LISTED ENTRIES:
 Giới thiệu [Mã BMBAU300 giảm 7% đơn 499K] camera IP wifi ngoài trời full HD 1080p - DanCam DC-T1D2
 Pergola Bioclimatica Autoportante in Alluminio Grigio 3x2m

==

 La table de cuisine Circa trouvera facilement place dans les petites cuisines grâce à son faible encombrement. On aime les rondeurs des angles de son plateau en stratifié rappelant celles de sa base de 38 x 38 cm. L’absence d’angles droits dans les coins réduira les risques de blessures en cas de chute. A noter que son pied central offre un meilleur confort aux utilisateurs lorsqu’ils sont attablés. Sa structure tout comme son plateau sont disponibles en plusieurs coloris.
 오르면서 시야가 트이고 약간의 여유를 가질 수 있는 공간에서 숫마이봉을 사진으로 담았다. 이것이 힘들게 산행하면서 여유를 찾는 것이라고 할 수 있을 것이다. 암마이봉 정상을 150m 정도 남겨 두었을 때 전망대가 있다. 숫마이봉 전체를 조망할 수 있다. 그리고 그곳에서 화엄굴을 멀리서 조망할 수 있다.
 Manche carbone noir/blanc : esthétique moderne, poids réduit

WORK ORDER: Could you return exactly the stretch of the data above that starts at the line with "Giới thiệu [Mã" and ends at the line with "Pergola Bioclimatica Autoportante", both lines included?

OUTPUT:
 Giới thiệu [Mã BMBAU300 giảm 7% đơn 499K] camera IP wifi ngoài trời full HD 1080p - DanCam DC-T1D2
 Pergola Bioclimatica Autoportante in Alluminio Grigio 3x2m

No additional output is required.